Source material:
——

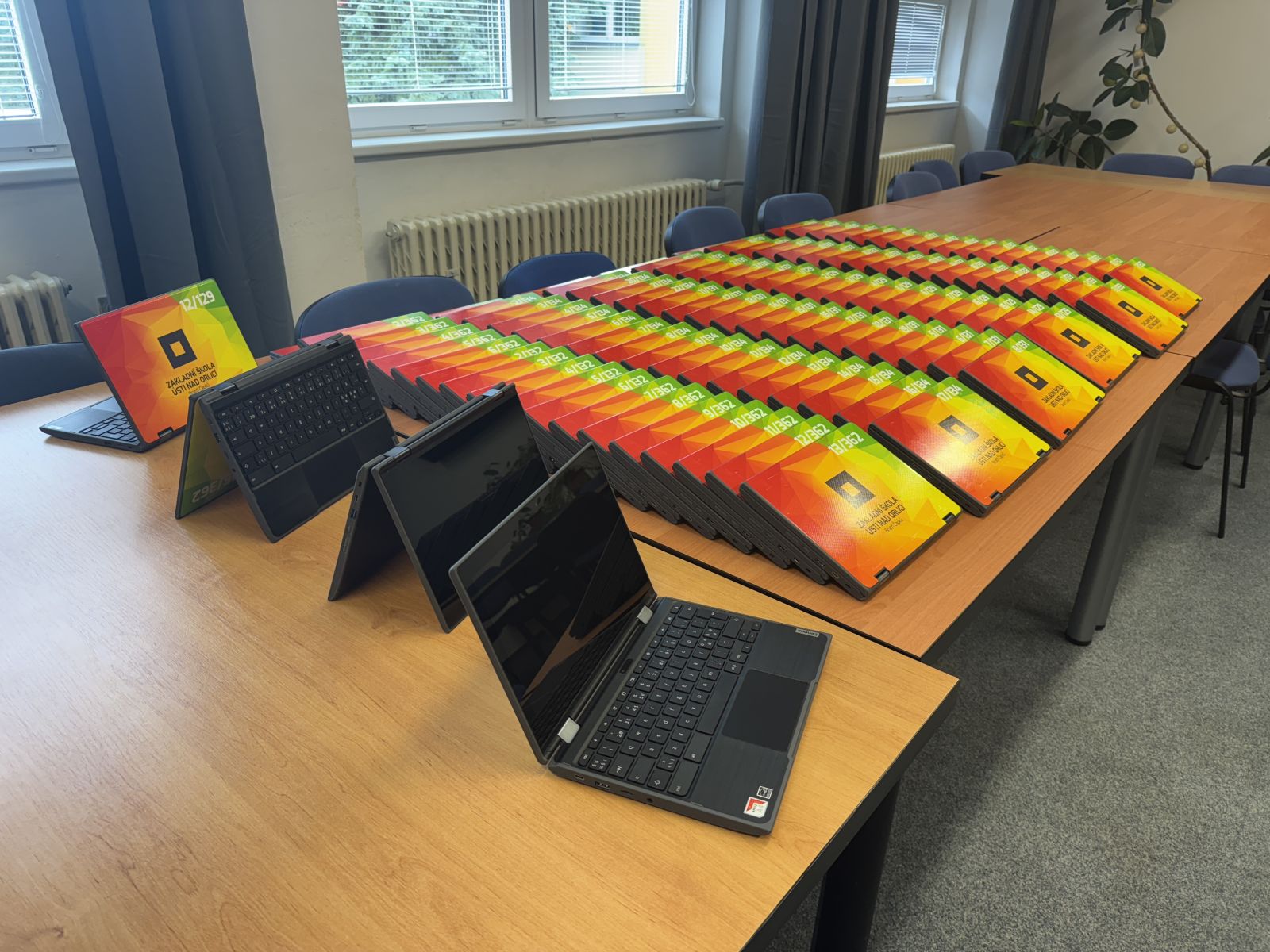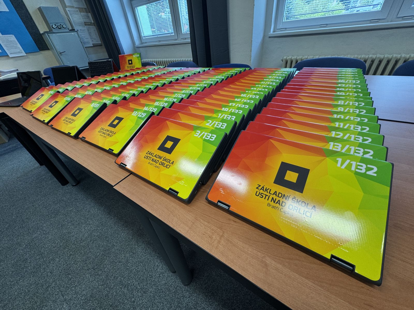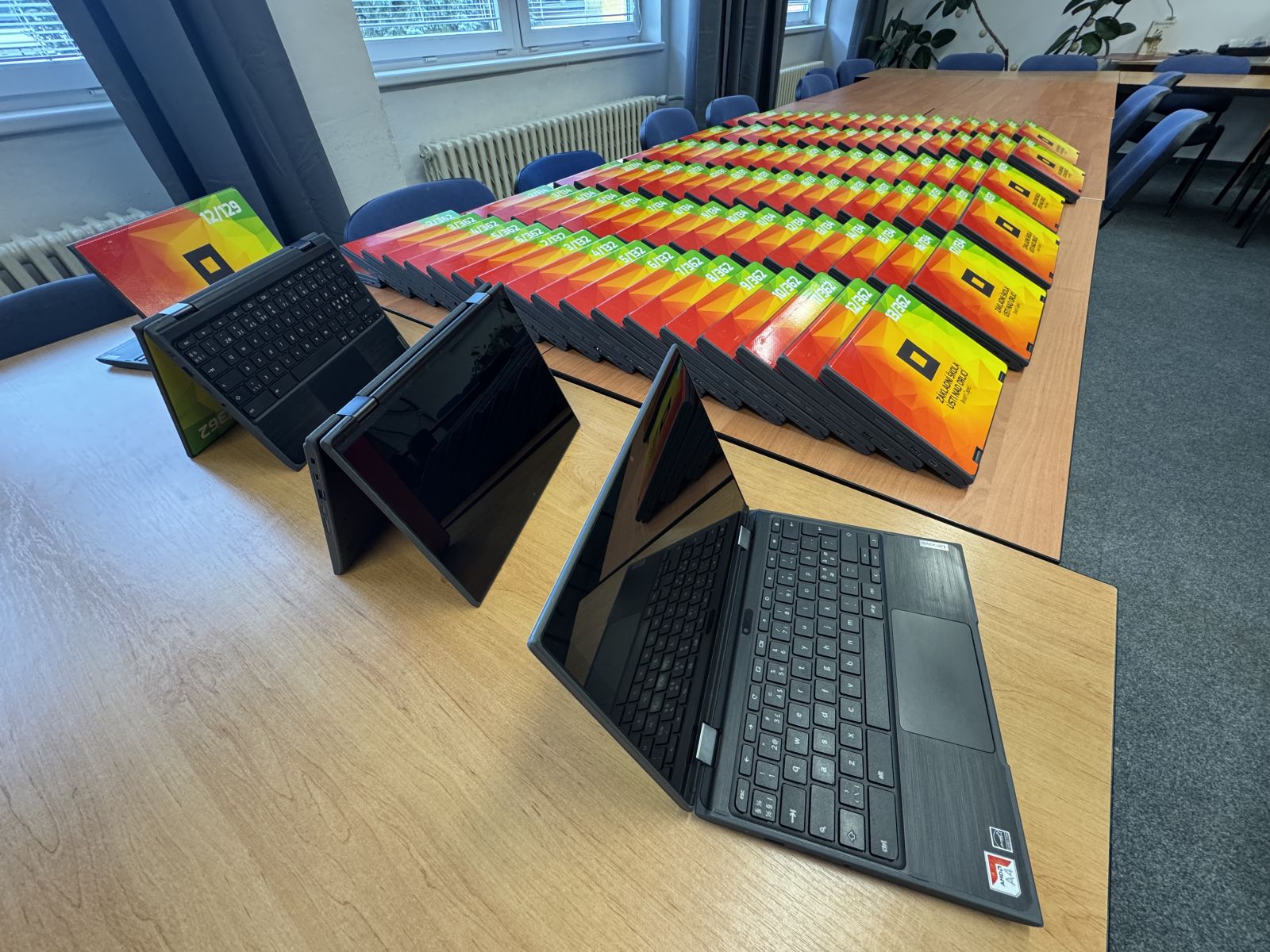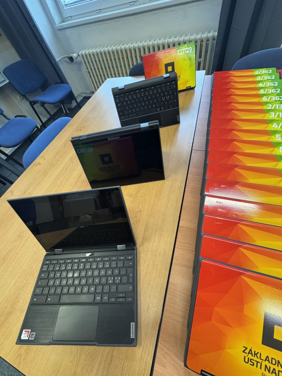 Na náš druhý stupeň přistálo 110 ks konvertibilních Chromebooků – a nejsou to žádní křehcí návštěvníci! Tito krasavci v armádním provedení přežijí polití, pád ze stolu i občasné „experimenty“ žáků.
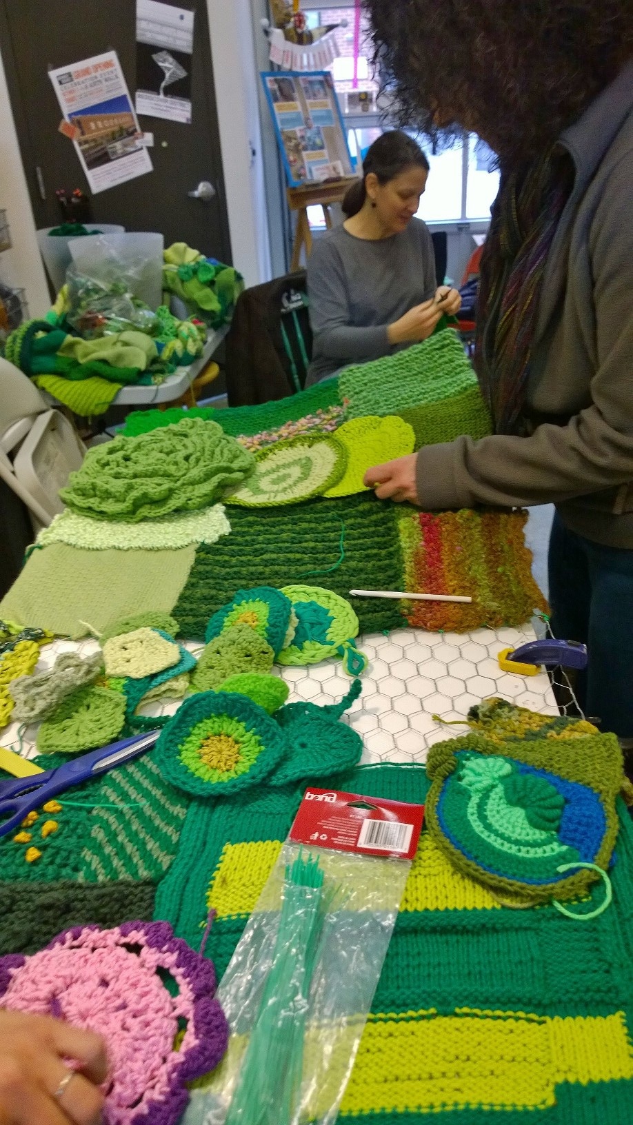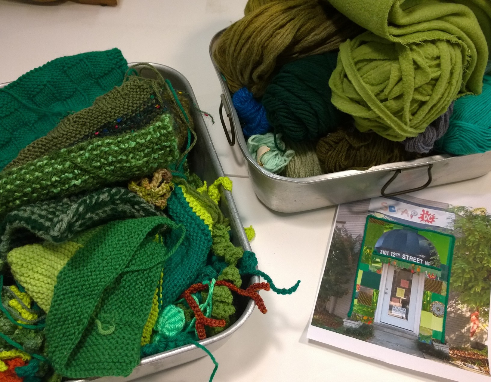 Yarn bombing Scrap DC! In spring 2015, as Brookland Bombshells, we covered with yarn graffiti the entrance door of ScrapDC. The project’s idea was to create a luscious vertical garden to celebrated the awakening of nature after the winter season. Related
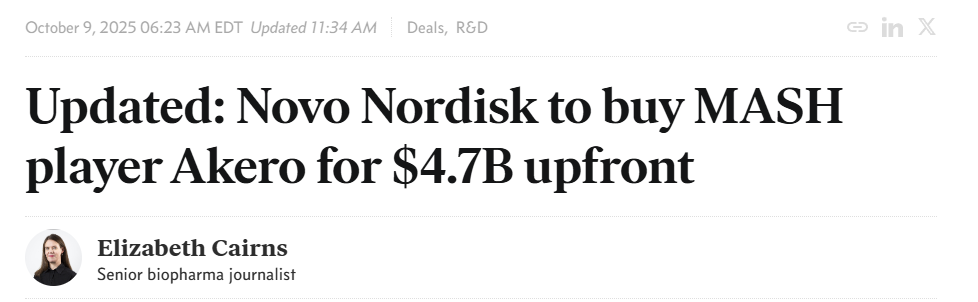 Mike Doustdar在一份声明中表示,Akero 的在研药物有潜力成为治疗代谢功能障碍相关脂肪性肝炎(MASH)的“基石”疗法,既可单独使用,也可与诺和诺德的重磅减肥药Wegovy联合使用。
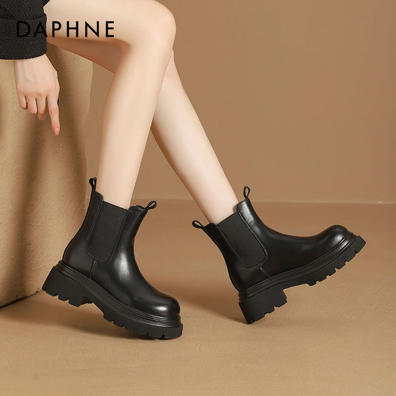达芙妮马丁靴女款 春秋靴子女切尔西靴烟筒靴黑色厚底短靴 2025新款

——

Problem to work on:
Output the whole listing exactly. Pictures stay out.

Exercise answer:
 Na náš druhý stupeň přistálo 110 ks konvertibilních Chromebooků – a nejsou to žádní křehcí návštěvníci! Tito krasavci v armádním provedení přežijí polití, pád ze stolu i občasné „experimenty“ žáků.
 Yarn bombing Scrap DC! In spring 2015, as Brookland Bombshells, we covered with yarn graffiti the entrance door of ScrapDC. The project’s idea was to create a luscious vertical garden to celebrated the awakening of nature after the winter season. Related
 Mike Doustdar在一份声明中表示,Akero 的在研药物有潜力成为治疗代谢功能障碍相关脂肪性肝炎(MASH)的“基石”疗法,既可单独使用,也可与诺和诺德的重磅减肥药Wegovy联合使用。
达芙妮马丁靴女款 春秋靴子女切尔西靴烟筒靴黑色厚底短靴 2025新款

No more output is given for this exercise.